Lysandra se quedó paralizada de confusión.

¿Por qué las reinas elfas habían hablado de esa manera? ¿Era burla? ¿Estaban de alguna manera involucradas en esta catástrofe?

Su cerebro luchaba por procesar algo coherentemente. Esta locura había frito completamente sus circuitos mentales.

«No, eso no tiene sentido. ¿Por qué sabotearían su propia reputación?»

Intentó pensar lógicamente.

«Quizás no estaban presentes durante la transmisión. Pero ¿dónde podrían haber estado? Vi al rey merodeando antes. Incluso Aeliana vino preguntando si las había visto.»

Su mirada se desvió hacia el pasillo por donde habían emergido las reinas.

Y ahí estaba él.

Jax.

Sus ojos brillaban con algo que solo podía describir como pura emoción infantil. Escaneaba cada discusión que ocurría en el salón de baile, bebiendo el caos como un vino fino.

Completamente perdido en su propio mundo.

Pasó justo al lado de Lysandra sin reconocer su existencia.

Sus venas comenzaron a palpitar.

No porque la ignorara. No, había desarrollado algún tipo de síndrome a estas alturas. Algo que se activaba automáticamente cada vez que entraba en su radio. Una reacción física ante su mera presencia.

—Profesor Jax.

Su voz salió controlada. Sin gritar. Sin vociferar. Solo firme.

—¿Dónde estaba?

Jax se dio la vuelta.

Su rostro parecía el de un niño experimentando las calles por primera vez. Asombro. Emoción. Deleite absoluto por el espectáculo que lo rodeaba.

Cuando sus ojos se posaron en Lysandra, esa expresión se atenuó ligeramente. Pero nunca desapareció por completo.

—Directora.

Caminó hacia ella, con curiosidad plasmada en sus facciones.

—¿Qué está pasando aquí? ¿A qué viene tanto alboroto?

Sus ojos recorrieron a los nobles que discutían.

—¿Fue alguna riña entre estos distinguidos ciudadanos? ¿Una disputa real quizás?

Su entusiasmo vaciló.

—No me diga que solo eran niños peleando de diferentes academias.

Entonces sus ojos se iluminaron de nuevo.

—Cuénteme los detalles, directora. Y más importante, ¿hay alguna posibilidad de que pueda encenderlo de nuevo?

El rostro de Lysandra quedó completamente inexpresivo.
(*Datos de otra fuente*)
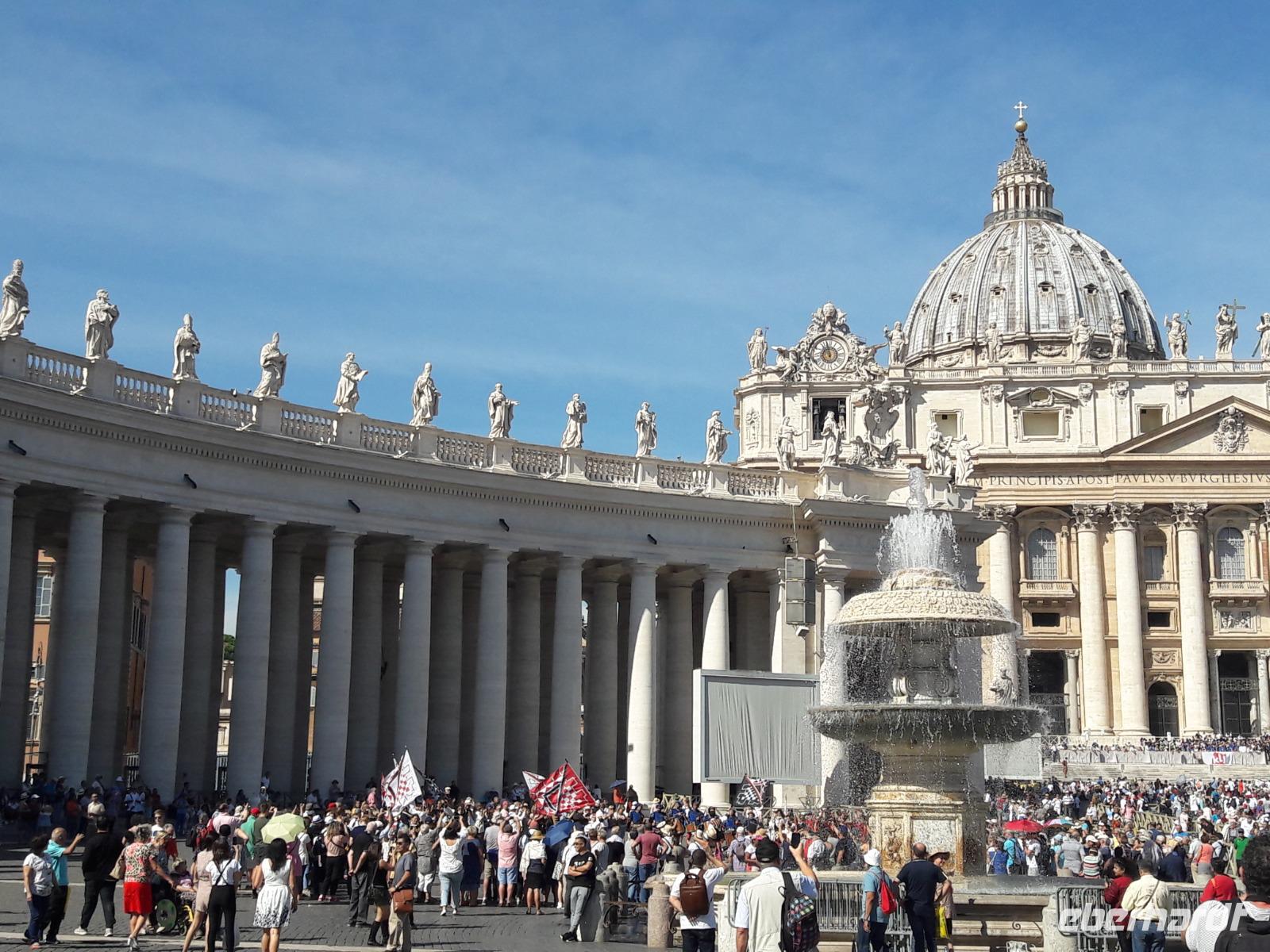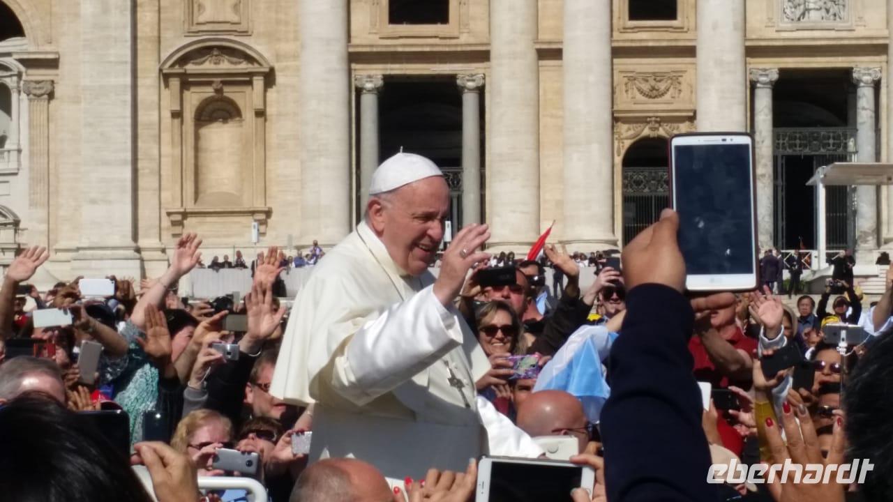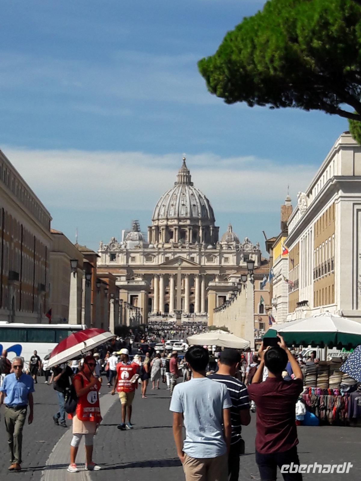 Wir haben Glück und finden einen geeigneten Platz. Während Norbert uns gut unterhält, spüren wir plötzlich eine gewisse Unruhe in den Reihen, eine Bewegung der Massen setzt ein. Und dann kommt er in seinem Papa-Mobil. Freundlich winkend und - wie so oft - ein mildes Lächeln im Gesicht umrundet er die ihm zujubelnde Menschenmenge. Und er kommt auch noch ein zweites Mal! Immer wieder schüttelt er Hände, nimmt Kinder auf den Arm - ja, es stimmt, er ist tatsächlich ein Papst zum Anfassen. Bevor er uns seinen Segen erteilt, werden erst einmal die Herkunftsorte der Anwesenden vorgelesen und mit Freude vernehmen wir auch „Kesselsdorf". Recht beeindruckt und mit ein paar Schnappschüssen in der Tasche machen wir uns am Ende der Audienz wieder auf den Weg. Wir verlassen den Platz aller Plätze und ohne es groß zu bemerken, verlassen wir beim Überschreiten einer weißen Linie auch den Vatikanstaat. Wir sind wieder in Italien, genauer gesagt in Rom - und das wollen wir heute noch ein wenig näher unter die Lupe nehmen.

Cualquier pequeña sospecha que hubiera albergado sobre él siendo el culpable se evaporó al instante. Esa curiosidad genuina. Esa auténtica decepción ante la posibilidad de haberse perdido algo entretenido.

Ninguna persona culpable podría fingir tal emoción pura ante un caos que ellos mismos hubieran creado.

—No debería bromear sobre esto —dijo secamente—. La reputación de la Academia está en juego.

Jax ladeó la cabeza.

—¿Broma?

Su confusión parecía genuina.

Ella suspiró profundamente.

—Suficiente, profesor. No tengo tiempo para sus…

—El sentimiento es mutuo.

La interrumpió sin vacilar y se dio la vuelta para marcharse.

Pero entonces Lysandra notó algo.

En la espalda de su chaqueta. Una mancha blanca. Extendida sobre la tela oscura como si alguien hubiera sido descuidado con su comida.

—¡Profesor!

Jax se volvió de nuevo. Esta vez su sonrisa permaneció, pero apenas. La ira centelleó detrás de sus ojos.

—Al menos compórtese como un noble —le reprendió Lysandra—. Ha manchado su traje con crema. Probablemente por comer postres como un niño.

Negó con la cabeza decepcionada.

—Incluso mi consentida Emily se comporta mejor que usted. Por favor, piense en la reputación de la Academia por una vez.

La sonrisa de Jax no vaciló.

—Me importa un carajo la Academia.

Comenzó a alejarse.

—Y si se siente tan dedicada a su reputación, ¿por qué no lo limpia usted misma con la lengua?

Luego desapareció. Tragado por la multitud de nobles discutiendo.

Lysandra se quedó allí, siseando entre dientes apretados.

Sus ojos vagaron por el salón de baile y encontraron a la Reina Tia e Ilythra. Estaban rodeadas por el rey elfo y Aeliana, siendo cuestionadas. O más bien, interrogadas sobre su paradero.

Entonces la mirada de Tia se desvió.

Encontró a Jax entre la multitud.

Sus mejillas se sonrojaron por un breve momento antes de que rápidamente apartara la mirada.

El cerebro de Lysandra comenzó a conectar piezas que desesperadamente deseaba que permanecieran separadas.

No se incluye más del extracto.